Шрифт:
Жуковский удалился на время в Чернь к друзьям своим, Плещеевым. Ободренный
советами Лопухина и письменными отзывами знатных духовных лиц из С.-
Петербурга и Москвы, он поехал в апреле с Плещеевым в Муратово, чтобы
попытать еще раз счастья у Екатерины Афанасьевны, которую некоторые
знакомые взялись расположить в его пользу. Но она сдаться на представления не
могла и осталась при своих взглядах внешнего формализма, а ходатаи изменили
Жуковскому.
"С полною доверенностью, -- пишет он 16-го апреля 1814 года к Авдотье
Петровне, -- я сунулся было просить дружбы там, где было одно притворство, и
меня встретило предательство со всем своим отвратительным безобразием".
На дороге, ночуя у одной родственницы, он узнал, что Воейков посватался
за Александру Андреевну, что свадьба уже назначена на 2-е июля и что после
свадьбы все едут в Дерпт.
"Я поглядел на своего спутника, больную, одержимую подагрой надежду,
которая скрепя сердце тащится за мною на костылях и часто отстает. "Что
скажешь, товарищ?" -- "Что сказать -- нам не долго таскаться вместе по белому
свету. После второго июля, что бы ни было, мы расстаемся"". <...>
Оставаться долее в Муратове было нестерпимо. И когда Воейков 30-го
августа, в день своих именин, которые праздновались в Муратове, позволил себе
презрительно обращаться с Жуковским и не был унят Екатериной Афанасьевной,
то наш друг решился совсем покинуть свое местопребывание в соседстве с
Муратовой и поселиться в Долбине, у искреннейших друзей его и Марии
Андреевны -- у Анны и Авдотьи Петровны.
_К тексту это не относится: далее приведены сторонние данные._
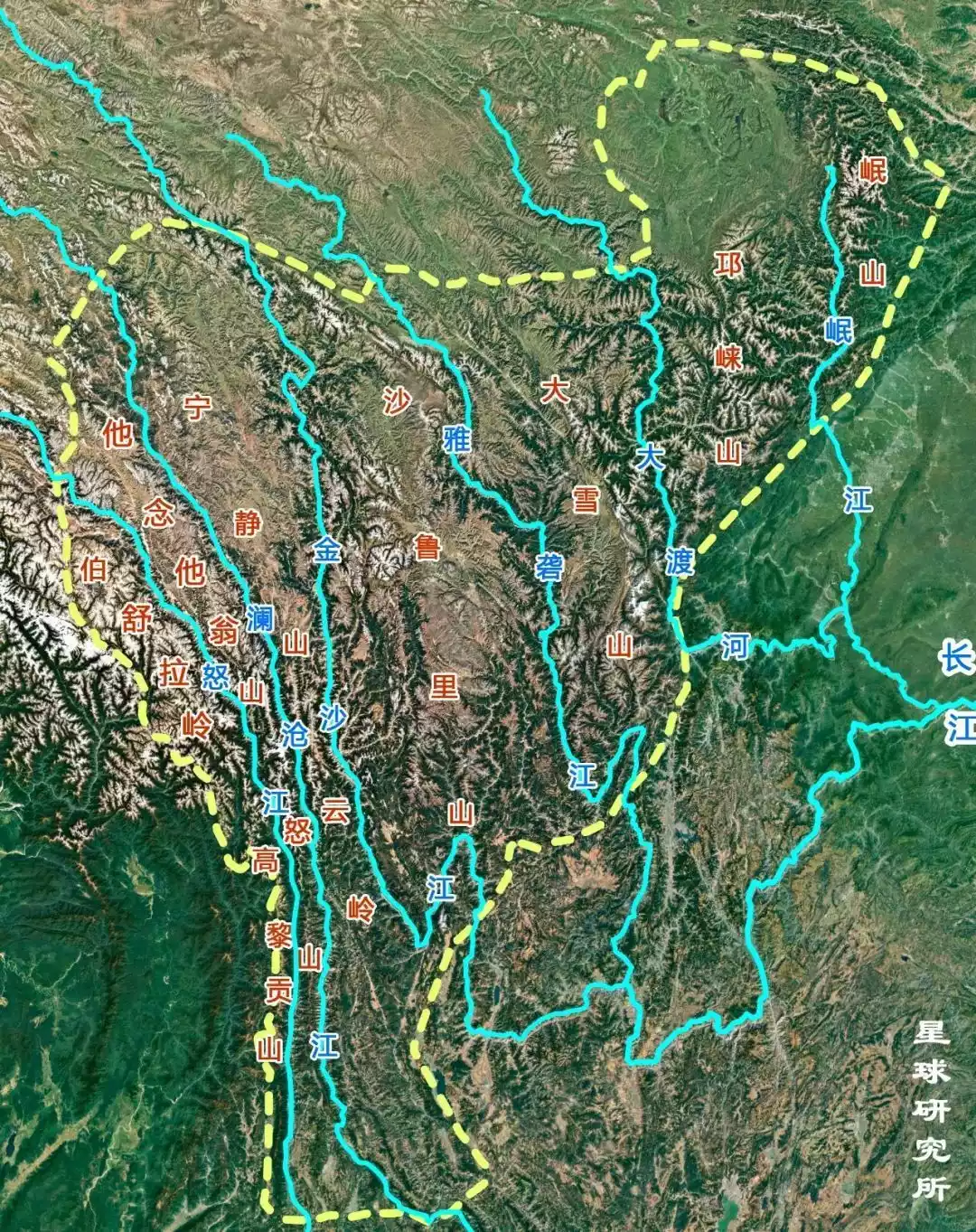 Map of the Hengduan Mountains' water system, image from the Planetary Research Institute
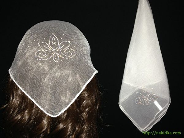 | Белая нейлоновая косынка с наклееным блестящим перламутровым узором |
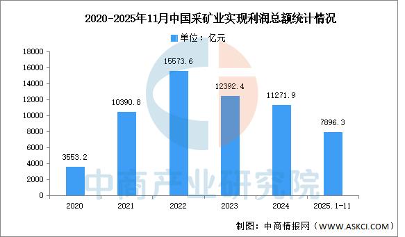 2025年1-11月份,中国采矿业实现利润总额7896.3亿元,同比下降27.2%。煤炭开采和洗选业实现利润总额2970.1亿元,同比下降47.3%。
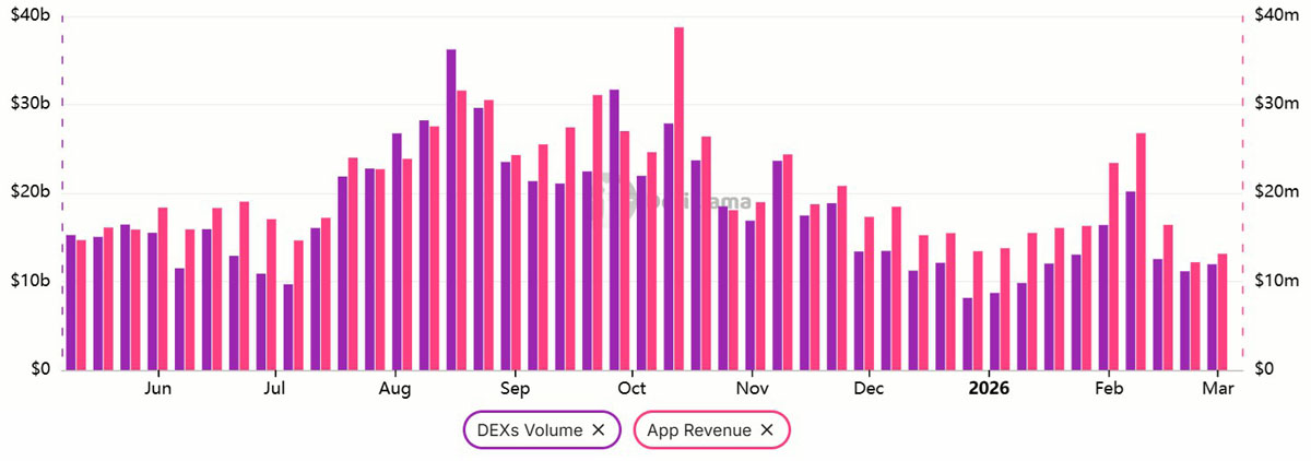 每周去中心化交易所交易量与以太坊DApp收入,单位:美元。来源:DefiLlama
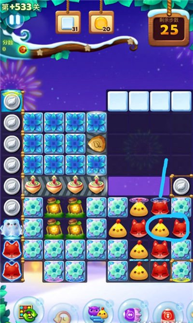 开心消消乐588隐藏关需在限定步数内完成点亮全部魔法石、清除所有雪块的双重目标,核心策略是从左侧开局破冰、优先合成特效联动、分步突破右侧厚雪区,精准把控每一步消除效率即可稳定通关。关卡整体呈左右分割布局,左侧初始可消除空间较大,右侧被多层雪块与银币密集封锁,魔法石分散在中下区域,被障碍层层包裹,直接消除难度极高。开局必须从左侧入手,利用基础三消逐步破除表层雪块,优先打通中下区域的下落通道,让动物元素自然掉落聚集,为合成特效创造条件。初期避免盲目点击右侧,每一步都要围绕扩大可操
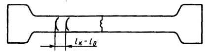риски Б до риски В берется lк = АБ + 2БВ. Если разность (N - n) - число нечетное, то от риски Б до риски В¢ берется lк = АБ + БВ' + БВ". 4.9.3. При наличии указаний в НТД при определении относительного удлинения после разрыва для малопластичных металлов (d £ 5 %) определяют: а) абсолютное удлинение lк - l0. Перед испытанием около одного из концов рабочей длины образца наносят едва заметную метку. С помощью измерителя на образце проводят дугу радиусом, равным начальной расчетной длине образца l0, и с центром в нанесенной метке. После разрыва обе половины образца плотно складывают и прижимают друг к другу под действием осевого усилия. Вторую дугу того же радиуса проводят из того же центра. Расстояние между дугами, равное абсолютному удлинению образца (черт. 6), измеряют с помощью измерительного микроскопа или других средств измерений; Черт. 6 б) конечную расчетную длину lк по диаграмме растяжения при масштабе диаграммы по оси деформации (удлинения) не менее 50:1; в) конечную расчетную длину образца lк по расстоянию между головками образца или метками, нанесенными на переходных частях образца, с применением расчетных формул. (Измененная редакция, Изм. № 2, 3). 4.10. Относительное удлинение образца после разрыва (d) в процентах вычисляют по формуле d = 4.10.1. В протоколе испытаний должно быть указано, на какой расчетной длине определено относительное удлинение после разрыва d. Например, при испытании
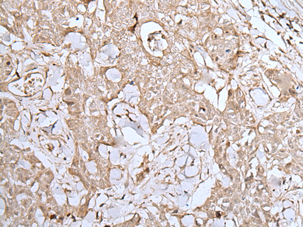 The image is immunohistochemistry of paraffin-embedded Human lung cancer tissue using P12727(DUSP3 Antibody) at dilution 1/25. (Original magnification: ×200) |
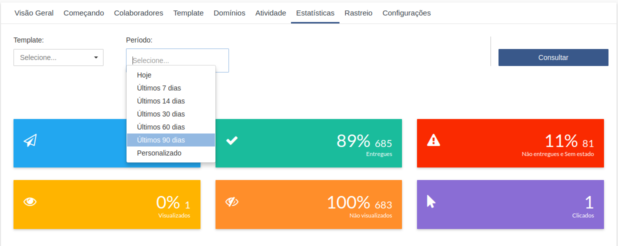 O Painel de Estatísticas tem por função fornecer detalhadamente um relatório das estatísticas dos emails enviados pelo APP.
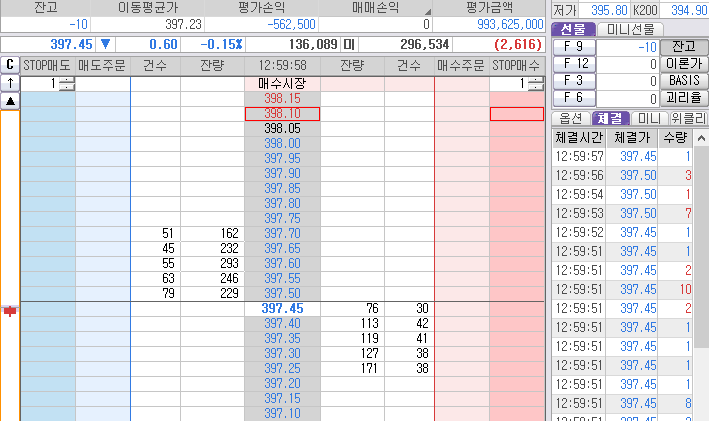 윗 검정색선! 398.40 아침 시초부터 그어 놓은 선이다!
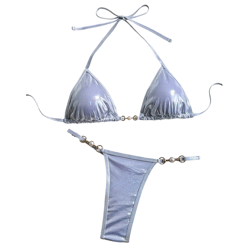Kiiltävä naisten bikini kolmioyläosalla ja helmiäisillä clutch-soljilla. Seksikäs string-leikkaus ja pitsikiinnitys. Ihanteellinen rannalle ja kuvauksiin.
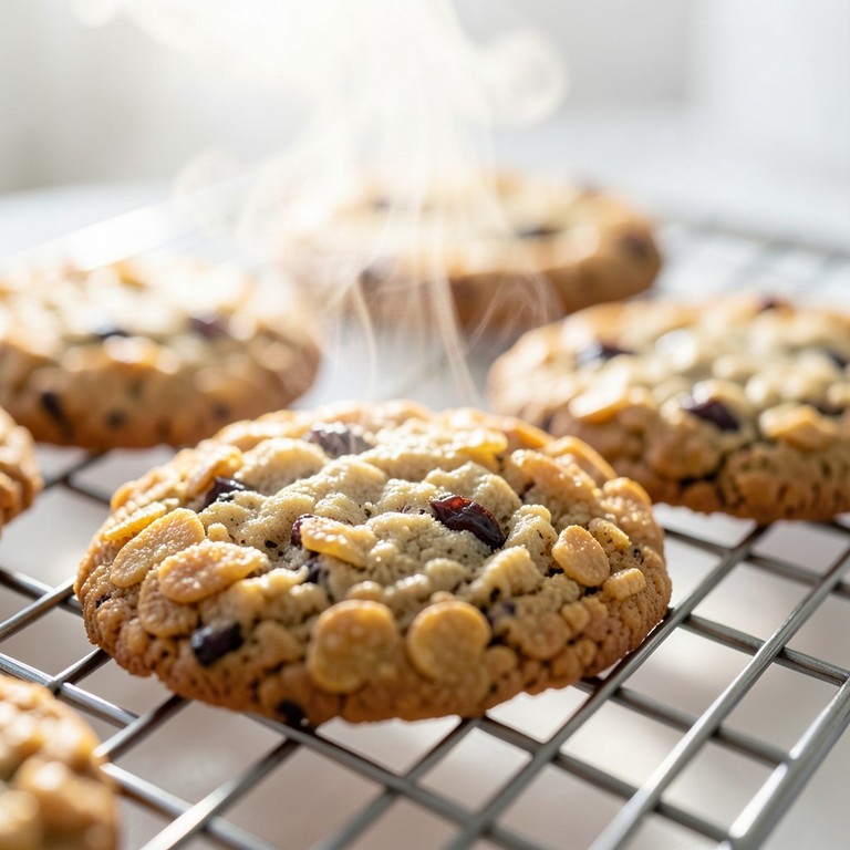 Biscoitos crocantes por fora e macios por dentro, com a textura rústica do flocão de milho e o sabor adocicado e levemente ácido da ameixa.
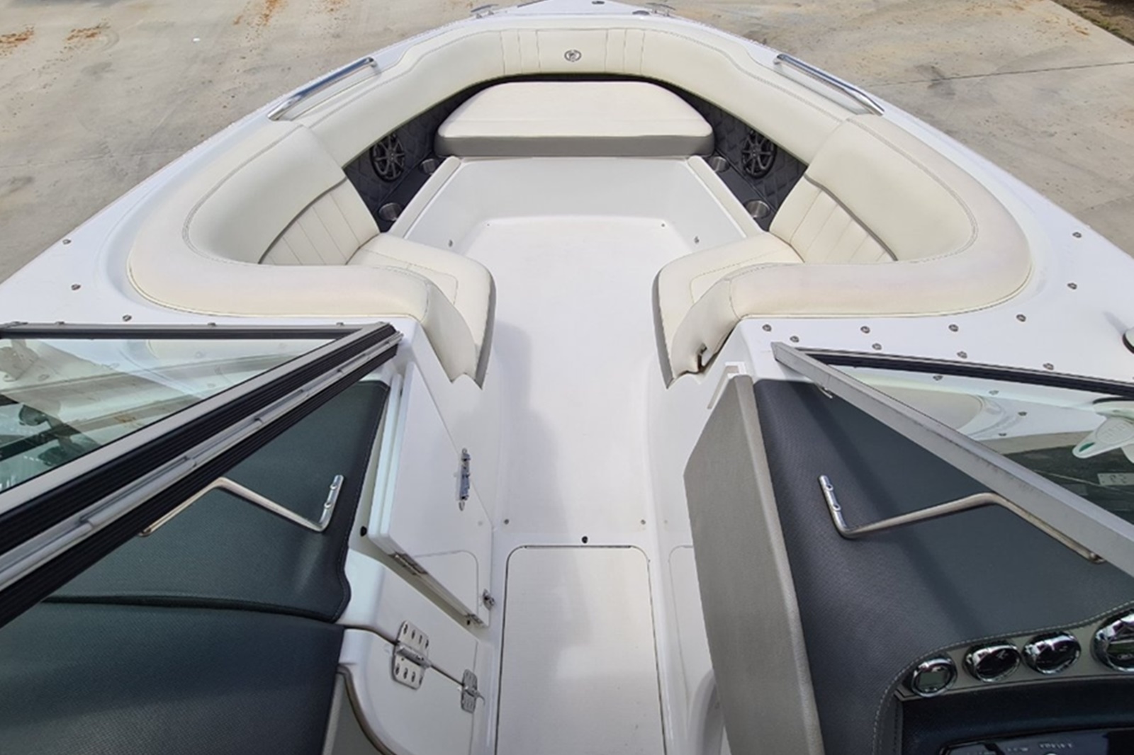 The boat provides ample comfortable seating, including a large aft lounge with a flip bolster.
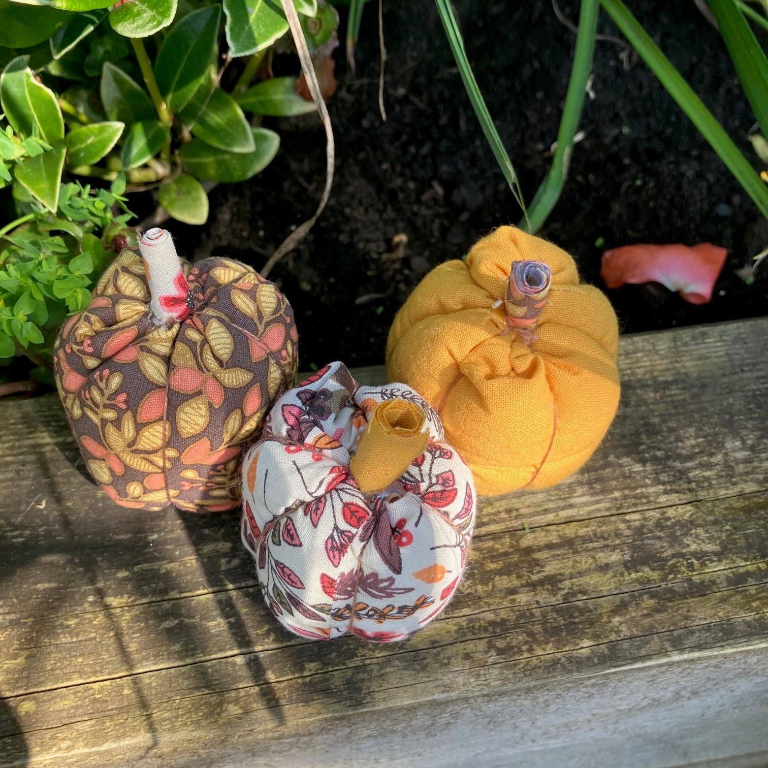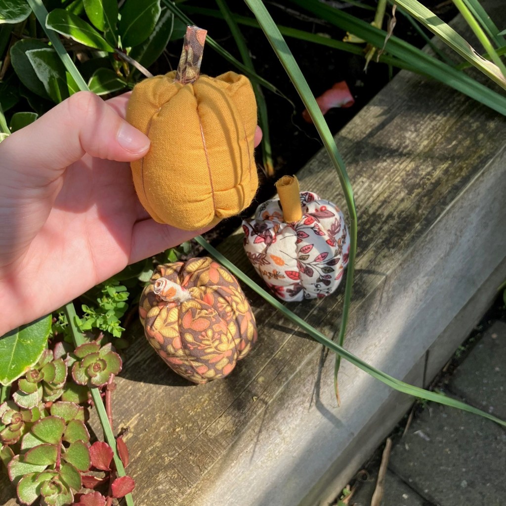 This was actually my mum’s idea to make little pumpkins and hide them around the UK on our travels. I came up with this speedy fabric version to make as many or as few as you like. They make great last minute gifts also.

Здесь он начал жить, как в
добровольном изгнании, со всеми пенатами своего потерянного рая, и сочинил
целый ряд прекраснейших баллад, посланий и других стихотворений, которые он
сам и его подруги назвали "Долбинскими стихотворениями"17. Тетрадь их,
напечатанная в "Русском архиве" за 1864 год, содержит в себе только, так сказать, домашние стишки, и то не все, для печати они назначены не были, но из них
видно, какой целительный бальзам для сердечной раны Жуковского сумели
составить долбинские жительницы и как нежная их дружба сохранила для
русской словесности нашего лучшего лирического поэта, и притом поэта,
исполненного благороднейшим патриотизмом, в высшем смысле этого слова.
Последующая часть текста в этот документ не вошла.